Humiliation is Bush's aim, observers say WAR IN THE GULF

February 23, 1991|By Diana Jean Schemo | Diana Jean Schemo,Paris Bureau of The Sun

PARIS -- In both tone and substance, President Bush is aiming to achieve diplomatically the destruction of Saddam Hussein that might be denied him militarily, analysts and diplomats here said yesterday.

If the war were to end leaving a share of Mr. Hussein's military arsenal intact, Mr. Bush seemed to be saying, Mr. Hussein might be left an unbroken hero before Arab masses from Morocco to Jordan, the observers said.

"There's no question Bush was trying to humiliate Saddam," one diplomatic observer said after watching Mr. Bush's brief address on television.

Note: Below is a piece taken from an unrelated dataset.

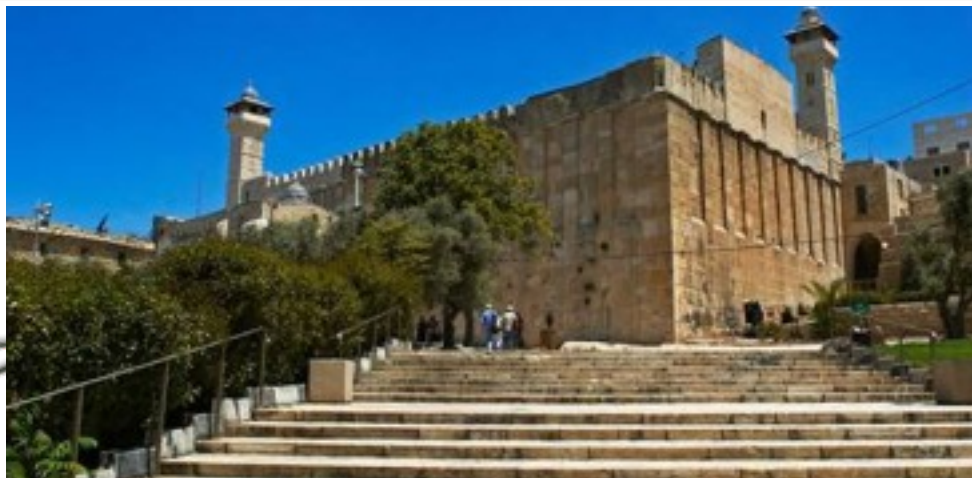
The Cave of the Patriarchs

The “Hebron House” offers an alternative. While living and working in the inner city of Memphis, you will have an opportunity to live as faithful disciples of Jesus Christ, using the gifts that God has given to you to love and serve the poor. You will also have the opportunity to gain a vision for making disciples of all nations while being empowered to do so. Our hope is that the Hebron House will serve as a staging area in your own personal spiritual journey, preparing you to face the spiritual giants of our world through faithful obedience to Jesus.

At times, Mr. Bush's conditions sounded like Mr. Hussein's rhetoric served back to him in poison potion. As war loomed last month, for example, Mr. Hussein threatened that the United States could decide when it began, but not how or when it would end.

In giving Iraq just over 24 hours to begin the withdrawal, Mr. Bush hammered home that it would be he -- and not Mr. Hussein or Soviet leader Mikhail S. Gorbachev -- who would decide when the Persian Gulf war would end.

So far, the Iraqi leader also has been spared the need to make public admissions of defeat. As of last night, Baghdad radio had carried only Mr. Hussein's Thursday speech pledging that "our people and forces are determined to continue the struggle," and still had not announced the Iraqi promise to withdraw from Kuwait.

Although Middle Eastern and Asian sources who listened to Mr. Hussein's radio address Thursday said it did not rule out a withdrawal from Kuwait, the speech was hazy enough to be considered "defiant" and "disappointing" in quarters farther west.

"Saddam Hussein was talking to his public, and Bush was talking to his public," explained an Asian diplomat here.

Mr. Bush yesterday demanded an end to Mr. Hussein's ambiguity, not merely to secure assurances that the message Iraqi Foreign Minister Tariq Aziz has delivered to Moscow has Baghdad's agreement. In ordering a clear -- and public -- statement of intention from the Iraqi leadership as one of the conditions for ending the war, Mr. Bush was also demanding that the Iraqi leadership admit defeat to its people.